Why this article is proposed
A provincial constitution that can be changed by simple majority of the Assembly offers little additional protection beyond ordinary legislation. The article establishes the formal supremacy of the provincial constitution within Alberta's sphere, identifies a small set of articles that are entrenched against future erosion, and sets the threshold for ordinary amendments.
What it would change
Section 1 declares the provincial constitution supreme over ordinary Alberta law, regulation, and administrative action. Section 2 entrenches six articles (rights, fiscal responsibility, family, digital rights, religious liberty, and medical autonomy), amendable only by constitutional convention with unanimous district ratification. Section 3 sets the standard amendment threshold at a two-thirds Assembly vote plus a majority in two-thirds of districts at a province-wide referendum.
The legal basis
Constitution Act, 1982 s.45 lets each province amend the constitution of the province. That includes the power to declare supremacy within the provincial sphere and to set higher amendment thresholds for particular provisions.
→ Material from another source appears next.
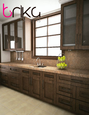 Con top de madera de 5cm forrado con formica, aéreos de 0.75 X 0.40m y área de microondas integrada.

The article does not touch any subject within ss.41, 42, or 43 of the Constitution Act, 1982, so it is reachable by Alberta acting alone. The article remains subject to the Constitution of Canada under s.52(1).
Open questions
Three questions for Albertans: whether the entrenched list (six articles) is the right scope; whether district-level unanimity at a constitutional convention is achievable in practice or operates as a permanent freeze; and how to phrase the supremacy clause in Section 1 so that it is understood as supremacy within the provincial sphere, not over the Constitution of Canada.